So, I read Mademoiselle de Scuderi and it was kind of a slog but that may have been the translation. The plot was kind of Law and Order: Louis XIV which was interesting but not really much with the detecting. What little there was led to wrong conclusions, the truth only came out (to the extent it did) from heartfelt confessions and people believing in the power of virtue and suchlike.
Part of me wants to jump back and reread Oedipus Rex but that would definitely mean finding a good translation. Does anyone have a favorite to recommend?
Or I could just go ahead with Bleak House, which is pretty conveniently available although there are certainly multiple editions of the audiobook and I am thinking switching between audio and print might be good for that book, or even doing the simultaneous thing which I tried out when I could not concentrate on . . . something . . . I guess it didn't help with the long term retention but it did seem to help in immediate comprehension at the time!
[link] came out in 2018 but I am reading it right now and it is really good.
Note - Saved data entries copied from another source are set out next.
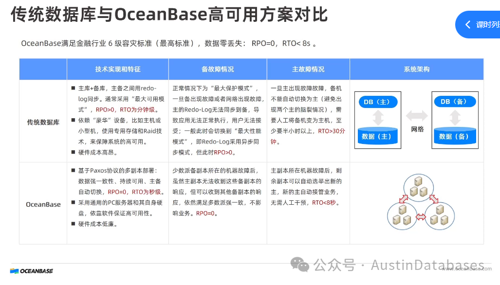 在 V4 版本,OceanBase 进一步提升了高可用能力,在数据零丢失及 RPO 等于零的基础上,将服务恢复时间缩短到了 8 秒以及 RTO<8 秒,树立了行业的新标准。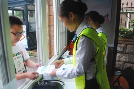 臺(tái)州收費(fèi)所志愿者參加“臺(tái)州志愿者服務(wù)亭”志愿活動(dòng) 6月15日上午,臺(tái)州收費(fèi)所志愿者服務(wù)隊(duì)參加由黃巖區(qū)團(tuán)委組織的“臺(tái)州志愿者服務(wù)亭”志愿服務(wù),隊(duì)員們積極主動(dòng)、文明有禮,為市民提供各類便民服務(wù)?! ?/p> 在位于黃巖區(qū)自力電影院對(duì)面的志愿服務(wù)亭里,臺(tái)州收費(fèi)所志愿者服務(wù)隊(duì)的成員們,一邊學(xué)習(xí)如何操作充氣設(shè)備,一邊熟悉服務(wù)內(nèi)容,并向市民發(fā)放《臺(tái)州市市民文明手冊(cè)》等。對(duì)于自己的志愿者服務(wù)工作,大家一臉自豪。就在隊(duì)員們分頭忙碌時(shí),來(lái)了兩位外地口音的路人,詢問(wèn)附近有沒(méi)有網(wǎng)吧。大家熱心指路,但這兩人還是一臉茫然,志愿者盧蒙莎就熱心地陪著兩人,穿過(guò)馬路,在一個(gè)巷子里的找到網(wǎng)吧。志愿者金愷,今天早班一下班,顧不得休息,就急著趕到了服務(wù)亭,加入志愿者服務(wù)的隊(duì)伍。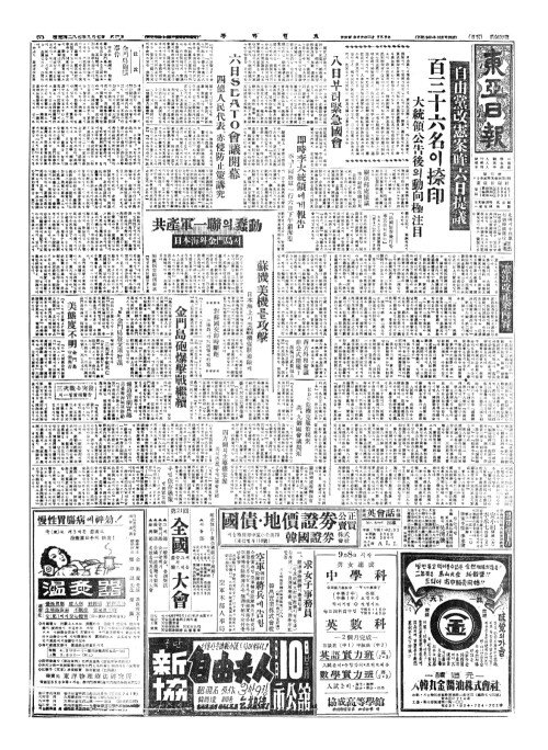 - 自由黨改憲案昨六日提議(자유당개헌안작륙일제의)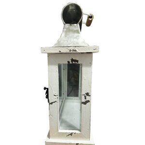 Charming rustic lantern featuring a white distressed finish, metal top with wood handle, and glass panels. Ideal for candles or decorative purposes.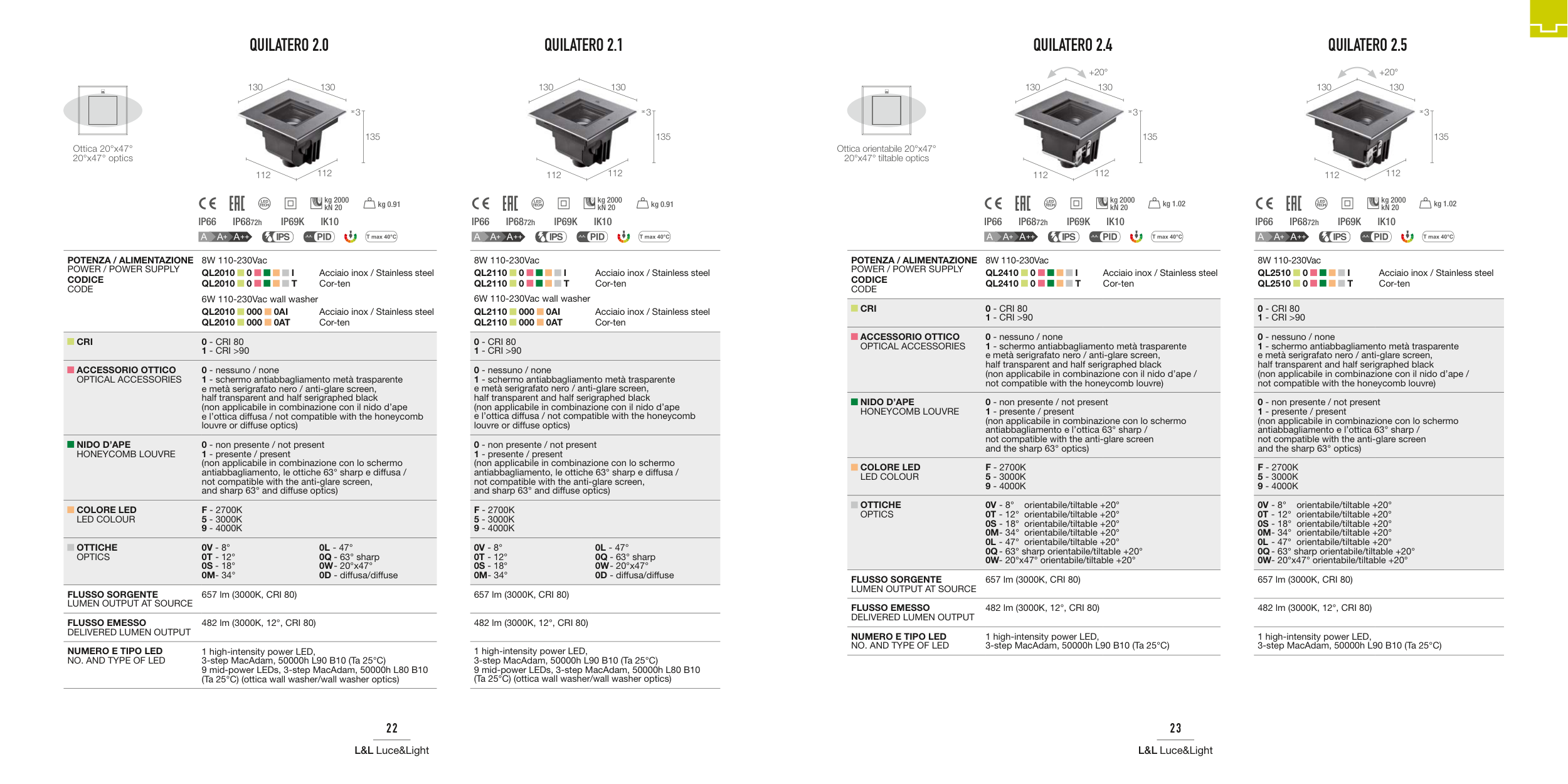 0V - 8° orientabile/tiltable +20°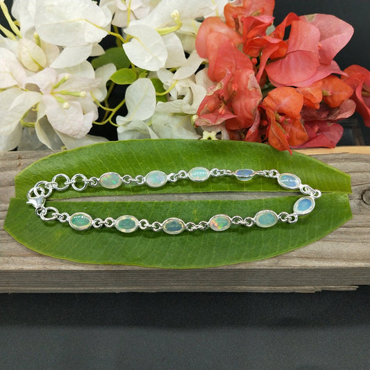 Opal Edelstein Silberarmband - Silberperlenarmband - 925 Silberarmband - zierliches Silberarmband für Frauen Armbänder-Silber, Opalstein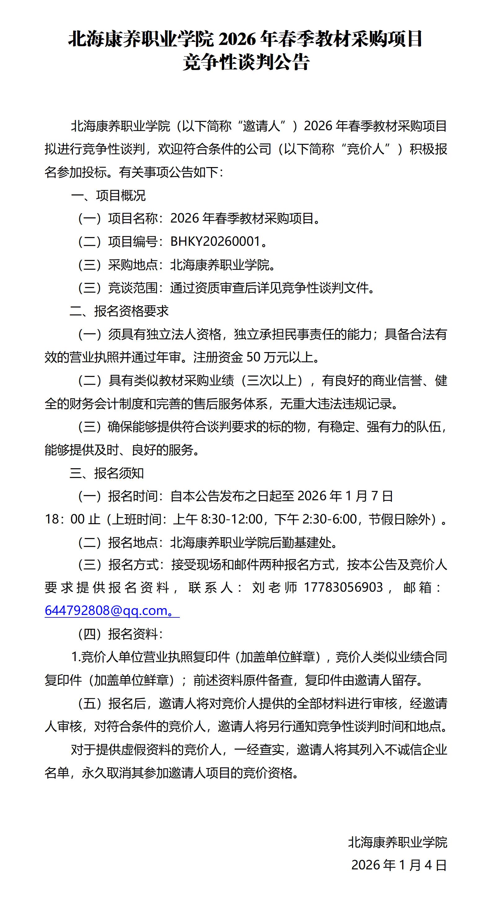 北海康养职业学院2026年春季教材采购项目竞争性谈判公告
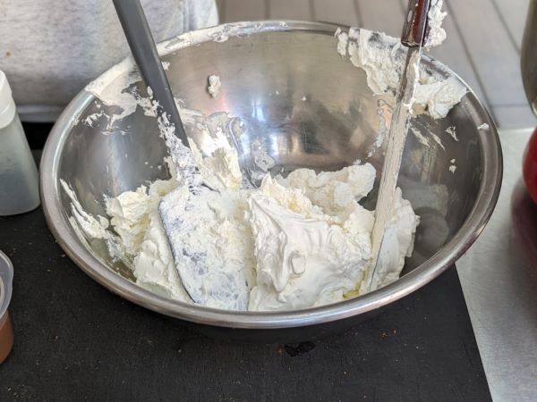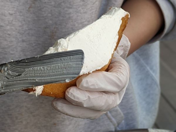 そして「チョコいちご」を作るところも見させていただきました。揚げたてのパンの粗熱が取れたら入れるのがこちらのクリーム!

I read The Ramshead Algorithm when it was published in the Magazine of Fantasy and Science Fiction in 2011 and it blew me away, but when I googled the author to find more to read there wasn't really anything available. I have been slowly reading through Some of the Best of Tor.com:2019 edition one story at a time in between everything else for ages (since 2019, probably, I don't remember (it's not like I decided to do this, it is just thing that has somehow come to be)) and came to Water: A History which was very good and then the About the Author that followed it mentioned this collection and the title lit up all those YOU HAVE TO FIND THIS AND READ THIS NOW neural pathways that had been prepared way back when. There are 10 "other stories" and I ajust finished number 4 because I need to stop and think about each one after I finish it - they are all wonderfully weird and cryptic and yet feel complete, as if I will be able to understand a lot more that is hidden within them if I can just ponder them a little longer - but I wanted to come and recommend it now anyway. So good.
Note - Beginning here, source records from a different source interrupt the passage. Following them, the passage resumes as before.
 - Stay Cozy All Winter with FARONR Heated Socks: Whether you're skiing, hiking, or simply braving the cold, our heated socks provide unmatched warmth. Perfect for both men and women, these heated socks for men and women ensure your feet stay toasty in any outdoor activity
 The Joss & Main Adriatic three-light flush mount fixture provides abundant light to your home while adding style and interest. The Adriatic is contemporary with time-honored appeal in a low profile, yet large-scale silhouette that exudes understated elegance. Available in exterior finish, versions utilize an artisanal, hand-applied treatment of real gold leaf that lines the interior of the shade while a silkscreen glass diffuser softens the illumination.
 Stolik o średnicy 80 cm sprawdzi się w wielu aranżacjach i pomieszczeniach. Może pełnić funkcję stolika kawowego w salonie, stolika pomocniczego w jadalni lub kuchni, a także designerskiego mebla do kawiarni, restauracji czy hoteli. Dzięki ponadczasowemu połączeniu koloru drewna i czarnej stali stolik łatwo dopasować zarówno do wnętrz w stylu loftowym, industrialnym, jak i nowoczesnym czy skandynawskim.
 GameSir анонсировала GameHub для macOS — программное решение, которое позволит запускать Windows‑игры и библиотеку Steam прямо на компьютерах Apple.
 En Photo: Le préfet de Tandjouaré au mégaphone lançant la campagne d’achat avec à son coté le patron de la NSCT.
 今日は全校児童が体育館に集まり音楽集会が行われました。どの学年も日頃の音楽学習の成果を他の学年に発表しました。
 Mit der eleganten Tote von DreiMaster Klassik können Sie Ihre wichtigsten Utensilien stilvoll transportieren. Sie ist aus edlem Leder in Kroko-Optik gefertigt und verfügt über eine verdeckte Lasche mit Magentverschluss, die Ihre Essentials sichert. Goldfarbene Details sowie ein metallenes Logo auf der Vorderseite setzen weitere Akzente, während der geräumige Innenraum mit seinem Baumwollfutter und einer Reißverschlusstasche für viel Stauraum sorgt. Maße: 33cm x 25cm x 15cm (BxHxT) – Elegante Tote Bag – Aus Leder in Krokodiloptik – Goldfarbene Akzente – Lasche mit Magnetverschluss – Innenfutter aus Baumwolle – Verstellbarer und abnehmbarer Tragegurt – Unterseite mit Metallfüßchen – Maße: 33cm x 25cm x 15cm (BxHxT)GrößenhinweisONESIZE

So if anyone needs a ridiculous romp of a book set in a queer-gender-fluid fantasy world that vaguely resembles Victorian England if there were magic and trolls and a skeletal mouse who says "BONG," I highly recommend "The Ruthless Lady's Guide to Wizardry" by C.M. Waggoner. I didn't realize there was an earlier book set in the same world ("Unnatural Magic," which I just started reading), but it clearly wasn't necessary for context since I zipped right along. Wonderful queer love story mixed with a bit of a detective subplot. I enjoyed the heck out of it.
Thanks for the rec, Pix! I decided to read Unnatural Magic first because why not and they are both a lot of fun. I hope to see more in this world, it's got a lot to explore
Thanks, Pix! I've put it on hold.
I ended up not liking "Unnatural Magic" as much. It was fine, but it wasn't the joyful romp that I loved in the other.
I can see that, they are different in tone and such, and the plot of Ruthless Lady's Guide to Wizardry is, I would say, more satisfying. I liked them both, and what I like most is the world they take place in, it's very thoughtfully put together with a lot of different cultures and religions and languages and Waggoner is clever about having different POV characters think in pretty identifiably different voices without being precious about it. More, please.
I went from those to The Wisteria Society for Lady Scoundrels which is also pretty fun but completely different, or maybe not completely but much more different than I subconsciously supposed by the similarity in title construction and cover art so that I had to do some reminding myself that THIS IS NOT THE SAME SERIES early on but once I got that thoroughly clear I quite enjoyed it
I get a number of recommendations from the Smart Bitches (not to be confused with Spike's Bitches) - they have a daily list of three or four e-books on sale - that I use to try out authors that are new to me. It's kind of hit or miss - some I've loved and gone on to go for an author's backlist, some I haven't finished or, if I did finish, deleted the book and decided to ignore that author. (One made me so mad over a historical inaccuracy that I'm not only avoiding that author, I'm still angry.) One of the wins was "The Huntress" by Kate Quinn - I don't normally go for WWII stories, but this one .... It's about hunting down war criminals and specifically one woman. One of the people hunting her down is a Russian who was one of the Night Witches. It was hard to put down and I plan to get more of her books.
Yes, and if I don’t feel like buying things I use their recs for library book holds. Sometimes the ones on sale are backlist that are available right then at the library!
I figure if an e-book is $0.99 I can afford to give it a try.